I needed understanding instead of surprise – the surprise that people haven’t been there for me when I needed them the most and reached out for them, that they didn’t think to reach out to me to see if I was okay. If it is one thing that I have discovered this year is that grief, for me, is a very isolating sensation that lingers.
“People say it gets better with time. I disagree – you get more used to it.”
Never experiencing this kind of loss before, I didn’t know if my thoughts and feelings were “normal.” I knew the five stages of grief and that was about it. No one ever mentioned how a part of your soul feels disconnected or that grief is like an animal waiting in the corner, never knowing if it will gently come to you with good memories or pounce on you when you least expect it to leave you in a mess.
I felt like a changed person, overwhelmed and underwhelmed at the same time, and with every emotion magnified. Grief has no expiration date. I’ve also learned, and it seemed like those around me simply couldn’t relate to this journey of mine, which is far from over. That leads to a deeper pain of isolation and resentment.

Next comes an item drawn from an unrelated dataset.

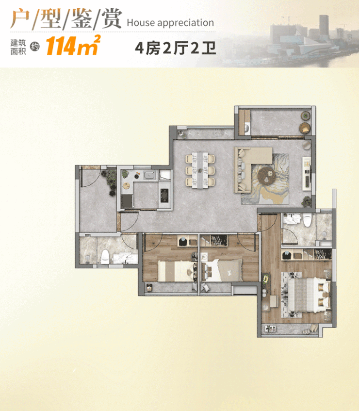 四房朝阳,东南朝向,巨幕采光面使得每间房都能感受到阳光与江景的美好结合。

“Strength in many forms is within us.”
Despite reaching out to friends and going through grief therapy, I longed for further connection and understanding. On Twitter, I came across Hello Grief. I became lost in many articles on the website, sharing them to help others understand what I am going through.

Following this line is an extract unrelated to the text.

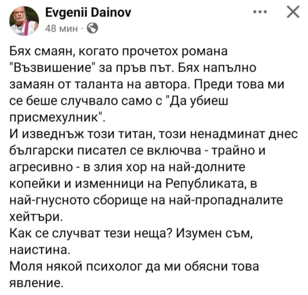 Евгений Дайнов също не пропусна да коментира казуса в своя фейсбук профил.

I cried over stories of those who have lost loved ones but, more importantly for me, I didn’t feel alone in all of these feelings that made no sense. I wasn’t the only one who felt like they needed their grief to be acknowledged. I wasn’t the only one who felt dismissed by their friends who weren’t there for them during this horrible time. I wasn’t the only one with a shattered heart and a changed world.
These stories helped me feel less disconnected from others, giving me strength but also telling me that it is okay to be weak.
“You’ll grieve in your own way and at your own pace.”
During those nights that seemed harder than usual, I found myself on Twitter questioning the grief process or openly wondering if people felt a certain way like I did. At best, I would Tweet a simple message to confess that I missed my mom.
The support I have received through certain folks on Twitter have surprised me for all the right reasons. They shared their experiences and gave me kind words. They sent me strength when I was scared to take that flight home to say good bye. They reassured me that we all grieve differently. Best of all, they gave value to my feelings by acknowledging both my grief and my love for those I have lost.
They didn’t have to reach out, but they did nonetheless. Through their words, I see the grief process in a clearer light and I feel like someone out there understands this journey.
I have discovered is that everything I am feeling, though unique to me, is absolutely normal. And to feel normal and a little less alone in the chaos of death and loss is such a comforting feeling of relief. I have learned so much more about myself in the process of grief, thanks to the articles on Hello Grief and through the words of acquaintances on Twitter.
I am tremendously grateful for the strength of those who are able to reach out to strangers to share their journey. It is through their words that I see the grief process with acceptance and feel like someone out there understands. I can only hope that I too can reach someone with my words and comfort them through their journey. There is a soothing light in the darkness of grief when we can make others feel a little less alone it in.
“I find the only silver lining is to be able to let people new to loss know they aren’t alone and support them.”